MATLAB Implementation of Particle Swarm Optimization Algorithm

Resource Overview

A complete MATLAB implementation of Particle Swarm Optimization (PSO) algorithm featuring swarm intelligence optimization with detailed code comments. This program includes parameter configuration options, fitness function customization, and visualization capabilities for convergence analysis.

Detailed Documentation

This MATLAB implementation of Particle Swarm Optimization (PSO) is developed with comprehensive Chinese documentation and comments.

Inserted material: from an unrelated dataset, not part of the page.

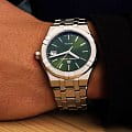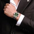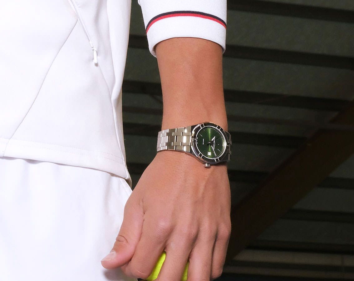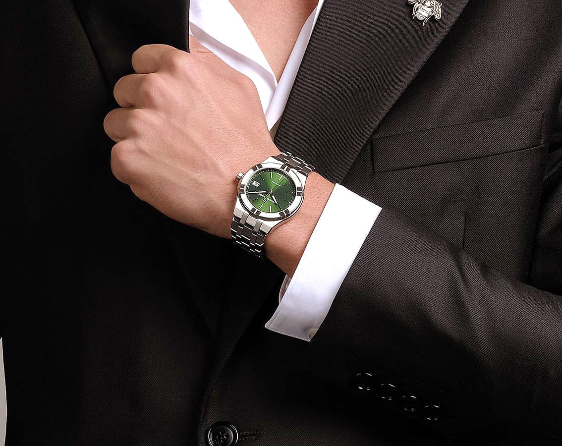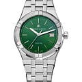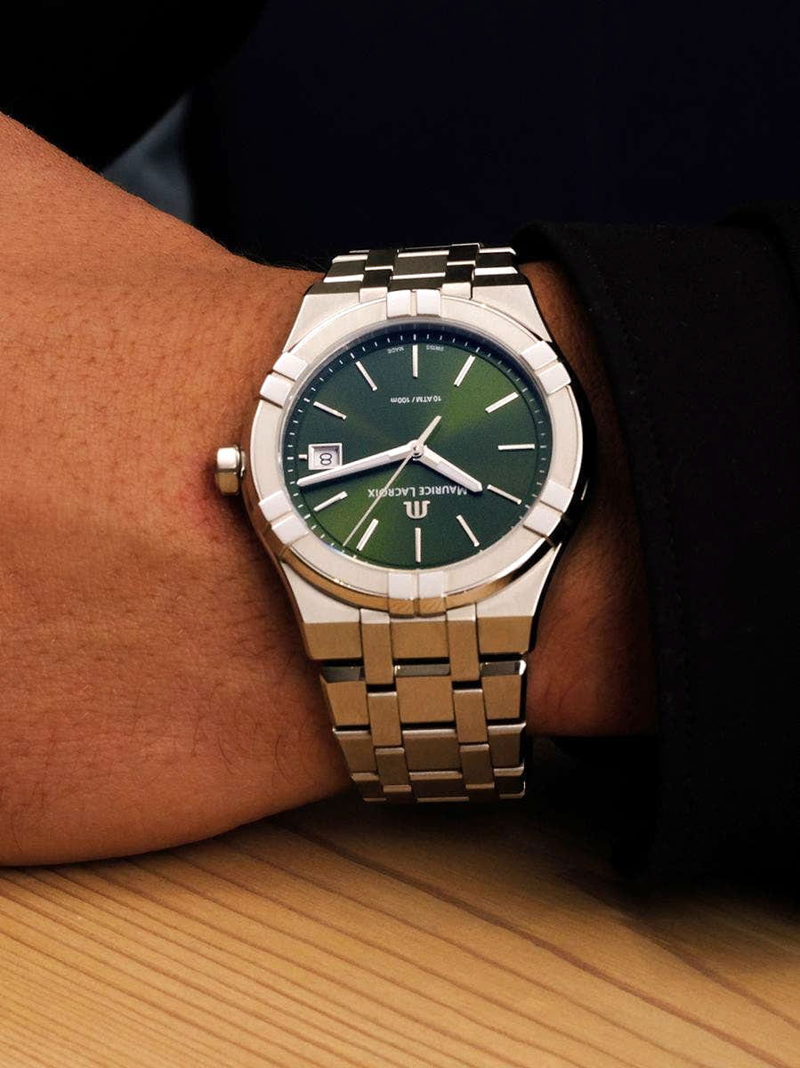 Мужские швейцарские кварцевые часы Maurice Lacroix Aikon Quartz AI1108-SS002-630-1. Сапфировое стеклоСапфировое стеклоПрочный и надёжный материал из кристалла сапфира синтетического происхождения, характеризующийся особой твёрдостью и устойчивостью к царапинам и повреждениям. устойчивое к появлению царапин, обладающее высокой прозрачностью. Зеленый циферблат. Стрелки с люминесцентным покрытиемЛюминесцентное покрытиеПозволяет считывать показания времени в темноте. Производители наносят на стрелки, часовые индексы, безель или поверхность циферблата светонакопительный состав, дающий холодное свечение.. Класс водозащиты: 100 метров, позволит плавать, нырять и заниматься другими водными видами спорта. Окошко даты находится в положении 3 часов. Корпус и браслет часов изготовлены из стали. Браслет с застёжкой «бабочка» с кнопкамиЗастёжка "бабочка"Такой вид застёжки дополняется предохранителями, помогающими избежать случайного раскрытия браслета. Обладают изящным исполнением. .

The program features: - Standard PSO algorithm with inertia weight adjustment - Customizable optimization parameters (swarm size, iteration count, velocity limits) - Modular design allowing easy fitness function replacement - Real-time convergence monitoring and performance visualization - Support for both constrained and unconstrained optimization problems Key functions include: particle_swarm_optimizer.m - Main optimization algorithm with velocity update equations initialize_swarm() - Population initialization with random position/velocity calculate_fitness() - Objective function evaluation module update_best_positions() - Personal and global best tracking plot_convergence() - Real-time optimization progress visualization The code is structured for easy modification and extension, making it suitable for both educational purposes and practical engineering optimization applications. Users can adapt the fitness function to solve specific optimization problems in various domains including machine learning, control systems, and computational finance.